------ Stored data

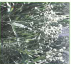
Summer Rattlesnake Master Eryngium yuccifolium 185 Insect species
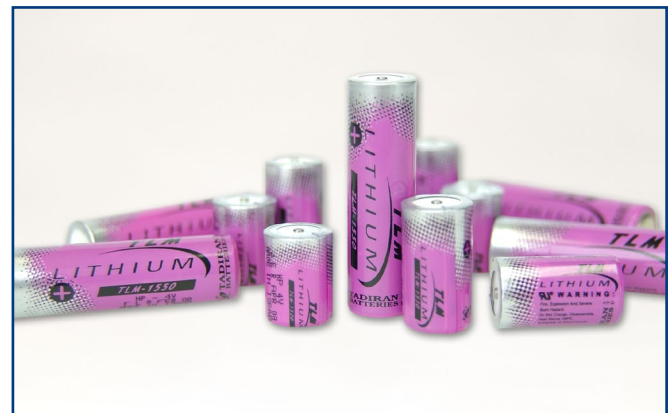
TLM High Power Batteries
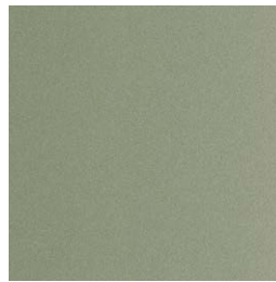
113 FT sage fine textured
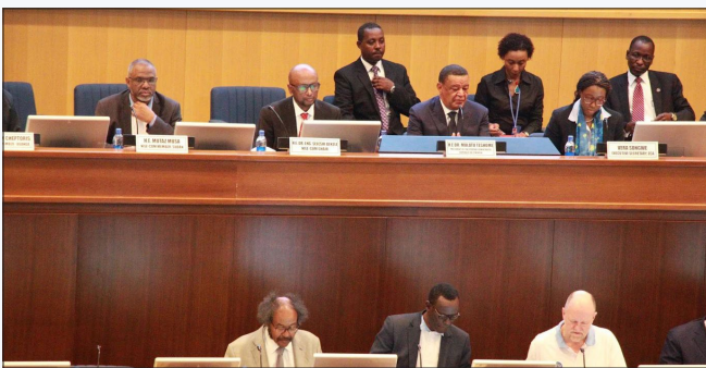
President of the Federal Democratic Republic of Ethiopia, Dr. Mulatu Teshome (back row, 4 th left), addresses participants at the UNECA Conference Centre in Addis Ababa
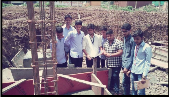
Field Visit at Foundation under construction

As a part of curriculum, Department periodically organizes a technical field visits to reputed industries and firms to enhance the practical knowledge of students.
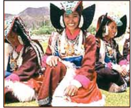
Fig. 10.6. Ladakhi Women in Traditional Dress

Life of people is undergoing change due to modernisation. But the people of Ladakh have over the centuries learned to live in balance and harmony with nature. Due to scarcity of resources like water and fuel, they are used with reverence and care. Nothing is discarded or wasted.
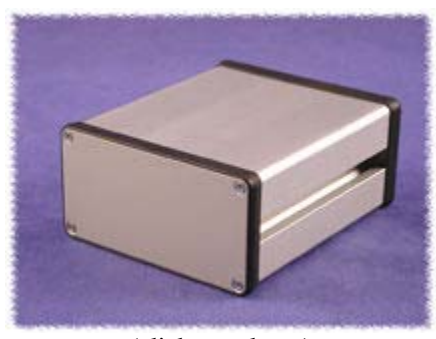
(click to enlarge)
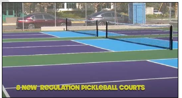
Tennis Court to Pickleball Court conversion – before & after
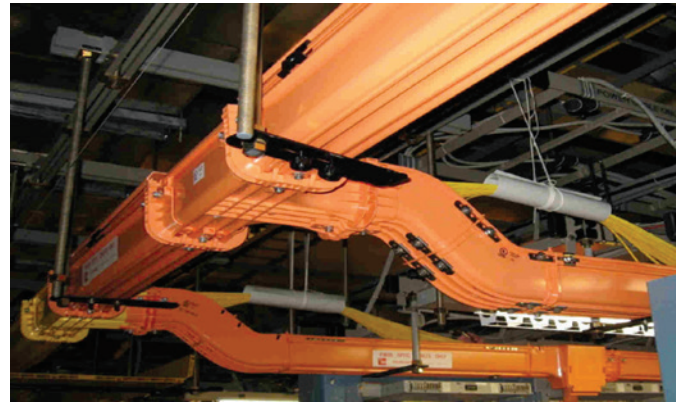
Figure 1: Fiber paper retrofit technique shown

Assessing your current fiber counts and planning for future fiber growth is the first step in creating your future-proofed network infrastructure.
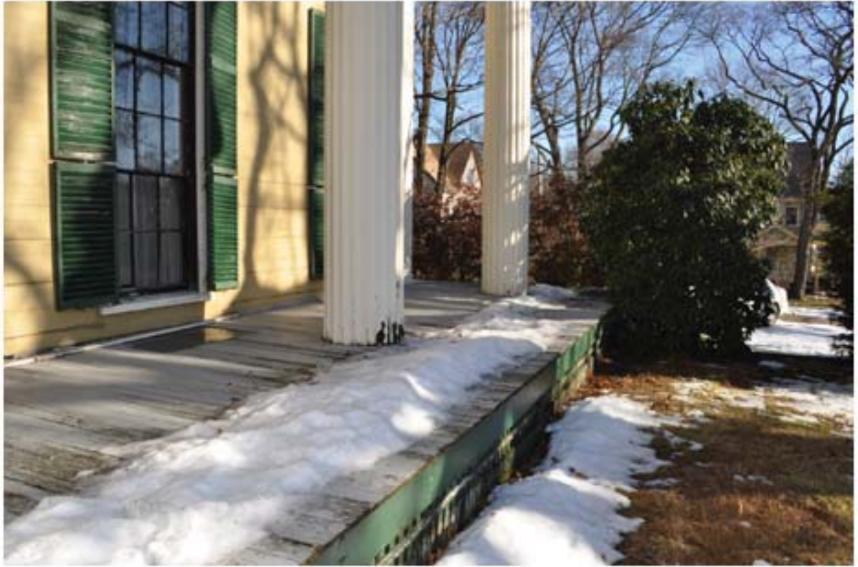
16E- Existing wood porch flooring around four monumental columns on south side of house
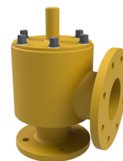
Table A - Size (Inlet x Outlet)
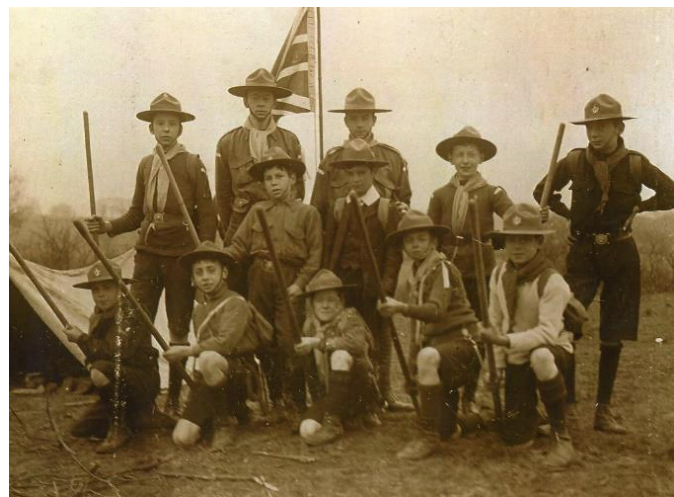
6th Enfield BB Scouts 1909

------------

• Your task:
Exact transcription of the full listing above is required; images do not belong in it.

• Task response:
Summer Rattlesnake Master Eryngium yuccifolium 185 Insect species
TLM High Power Batteries
113 FT sage fine textured
President of the Federal Democratic Republic of Ethiopia, Dr. Mulatu Teshome (back row, 4 th left), addresses participants at the UNECA Conference Centre in Addis Ababa
Field Visit at Foundation under construction

As a part of curriculum, Department periodically organizes a technical field visits to reputed industries and firms to enhance the practical knowledge of students.
Fig. 10.6. Ladakhi Women in Traditional Dress

Life of people is undergoing change due to modernisation. But the people of Ladakh have over the centuries learned to live in balance and harmony with nature. Due to scarcity of resources like water and fuel, they are used with reverence and care. Nothing is discarded or wasted.
(click to enlarge)
Tennis Court to Pickleball Court conversion – before & after
Figure 1: Fiber paper retrofit technique shown

Assessing your current fiber counts and planning for future fiber growth is the first step in creating your future-proofed network infrastructure.
16E- Existing wood porch flooring around four monumental columns on south side of house
Table A - Size (Inlet x Outlet)
6th Enfield BB Scouts 1909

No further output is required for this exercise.